That was the first time Tobin had ever been truly angry with him. Ki laid awake heartsick half the night and vowed never to tease Tobin about girls again.

He had enough to trouble him as it was.

P
rince Korin had thrown several more of his lavish banquets since their arrival, ordering them up whenever the whim took him and he thought he could brook Porion’s disapproval. Although this meant a respite from table service for the squires, Ki could have done without them. Everyone drank more, especially Korin, and Ki liked the Prince Royal a good deal better when he was sober.

Tobin had taken to his cousin in his usual good-hearted way, but Ki wasn’t so sure of his friend’s judgment this time. Korin struck him as a weak reed when drunk, too likely to take on the colors of those around him instead of shining with his own. He was more likely to tease then, and overlook the rudeness of others.

And rudeness abounded, though it was often thinly veiled in jest. Their skill on the training field had sparked jealousy among the older Companions, and Tobin’s odd behavior that night in the old audience chamber had set a few tongues wagging. But they’d probably wagged before they ever arrived.

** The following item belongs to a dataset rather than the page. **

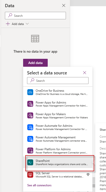 Since we are connecting to the SPO list, let's try connecting to the SPO list using data.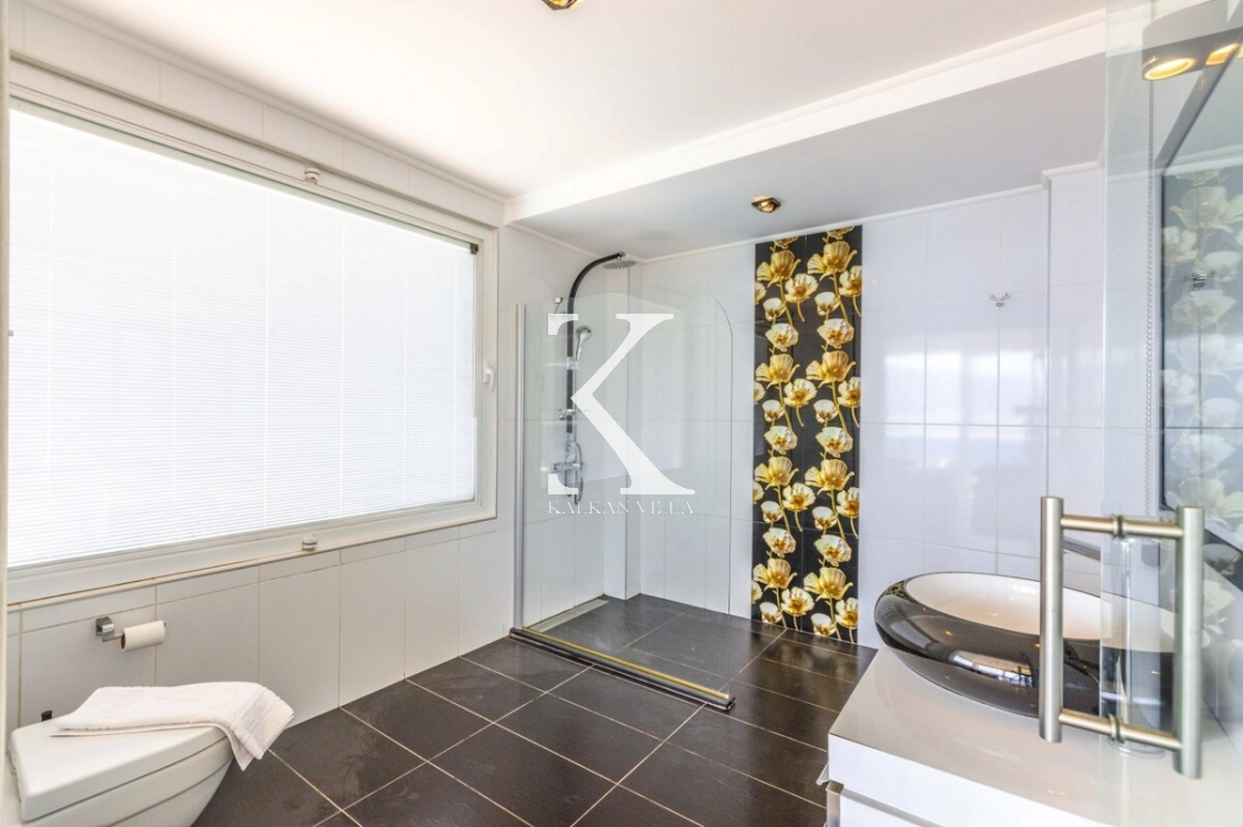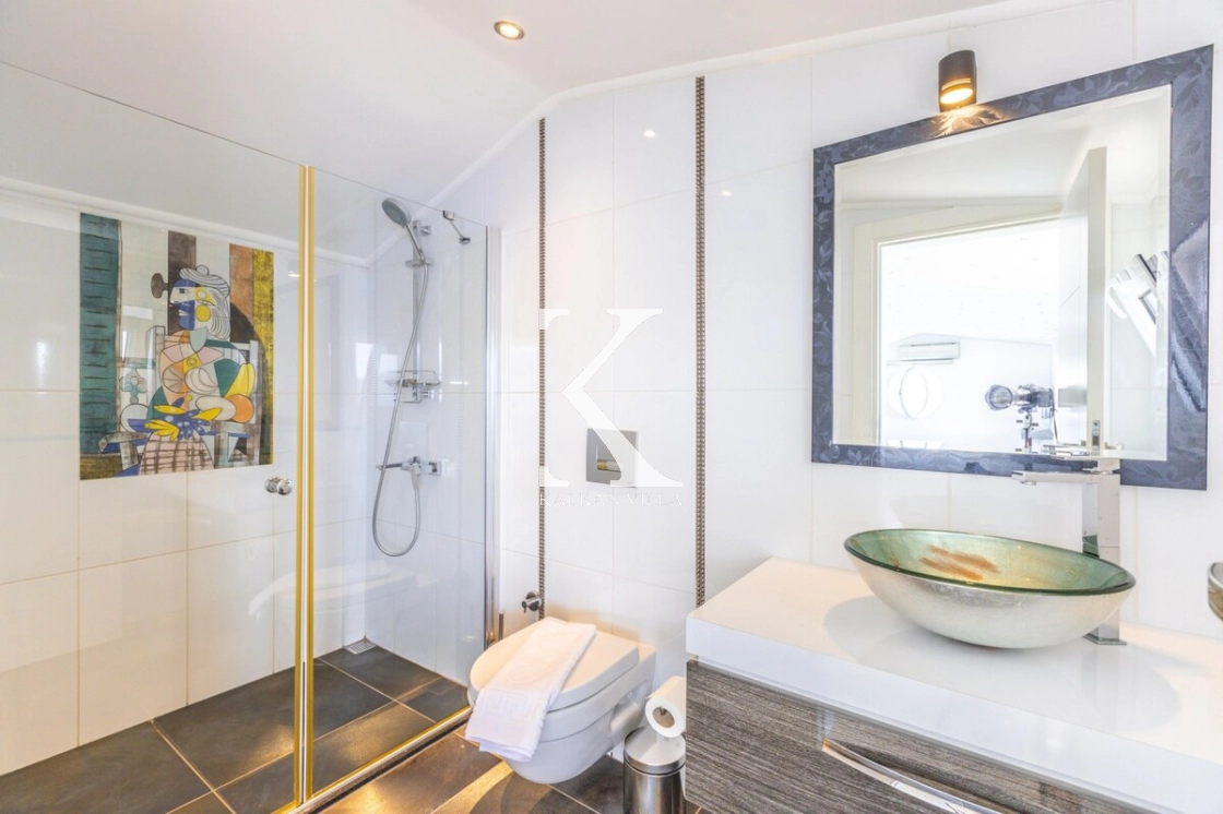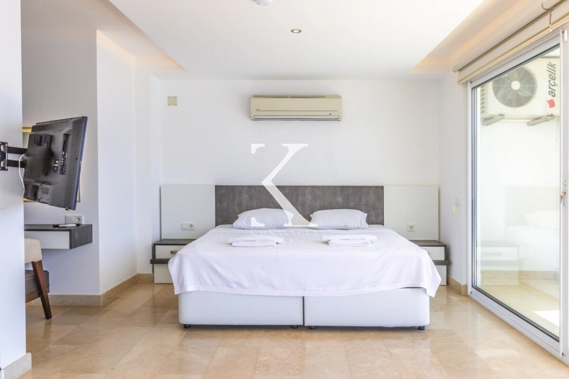 Her yatak odası ebeveyn banyoludur ve geniş pencerelerden Akdeniz’in mavi tonları villanın her alanına yansır.

Still, seeing Tobin here brought back to Ki how strange the boy had seemed to him when they’d first met: the way Tobin talked to ghosts and witches and wizards as if it were the most natural thing in the world, and how he could read people’s faces like others read tracks or weather, without even knowing he was doing it. He’d changed some since Ki had known him, but Tobin still had the eyes of a man, and still made little distinction in his manner toward noble or servant, highborn or low. He treated them all well. Ki had grown accustomed to that, too, during the slow, easy years at the keep. Here among these young lords, it was quickly brought home to him how unusual that was, and in ways that Tobin just didn’t seem to understand.

But Ki understood, and so did the Companions—even the ones who were kind. Tobin hadn’t understood the shame Ki felt when a drunken prince had slapped him so carelessly with a sword and dubbed him “Sir,” bestowing on him a grass knight’s hollow title—with its boon of a warhorse and a yearly purse of money. For all the lessons and proper speech he’d learned from Arkoniel, everyone here knew who his father was and had seen how his “knighthood” had been earned.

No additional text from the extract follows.